Currently, I try to take a walk at least 30 minute everyday in the morning and
then I do the 7-minute-workout in the afternoon, even when I have no energy.
My sleep's improved for the past couple of months since I started this workout
routine. I can't tell if it's because of that or my sleep just improves on its
own but I'll keep doing it since exercising is better than doing nothing. I
also started 18:6 intermittent fasting. That might also have helped.

Still, my improved sleep means about 5 to 5.5 hours (sometimes less) a night
with at least 2 awakenings in between. My normal sleep was about 8 hours with
1 awakening, and I'd still nap in the afternoon if given the opportunity. Now,
I can't nap and there's no rebound sleep (i.e. I don't sleep more the next day
because I sleep very little the day before). It's a pretty messed up situation
and doctors haven't found anything abnormal from medical tests, including MRI
and EEG. Sleep study indicated 50% sleep efficiency, reduced REM and deep
sleep, but no sleep apnea or any common cause.

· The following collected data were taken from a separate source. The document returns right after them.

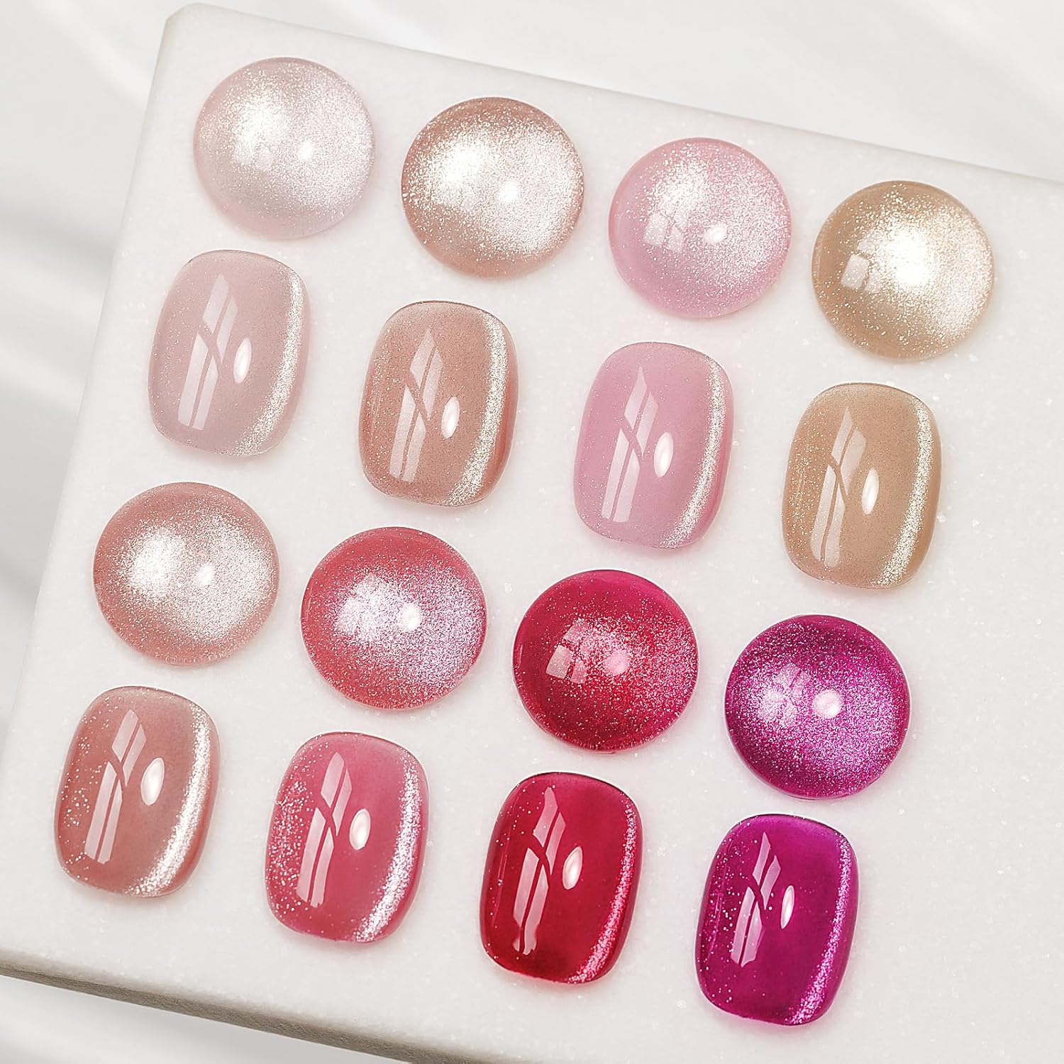 • Included Components : 1 double-headed magnet stick, 8 colors pink series magnetic gel polish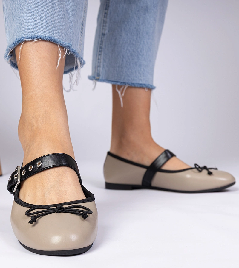 Béžové baleríny s mašlí a černou špičkou Pikolo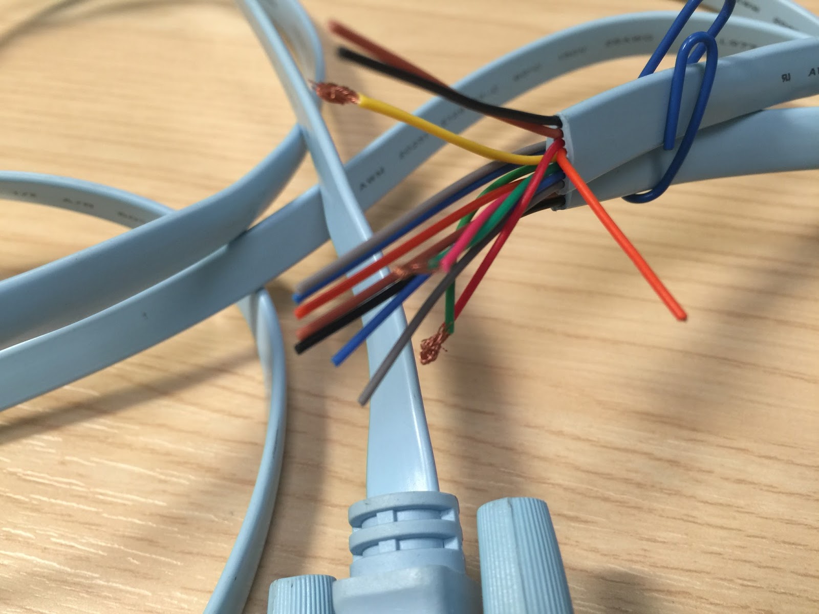 Once identified it is simply a case of stripping the insulation on the required pins back, (red, green and yellow) to reveal the copper beneath, they could be twisted together again in the right order to make a Null Modem Cable with DB9 on both ends.

I tried the 2-min fall asleep method when my condition first started but it
didn't really help. And yes, I only drink green tea and have some chocolates
before lunch time in terms of stimulants.

I've also read Why We Sleep before my sleep got this bad. In fact, knowing too
much about how sleep work and the negative impact on health with lack of sleep
makes it much worse for me. So now I tend to avoid reading articles like this
and learning more details.

I guess what I'm asking is if there's anything more I can do, like something
to supplement or eat/do to make up for the stuff lost due to insufficient
sleep. It's a long shot asking in a tech forum, but I'm willing to give
anything a chance to help improve my sleep. Let's hope there's more research
into sleep as insomnia is one of the worst form of suffering.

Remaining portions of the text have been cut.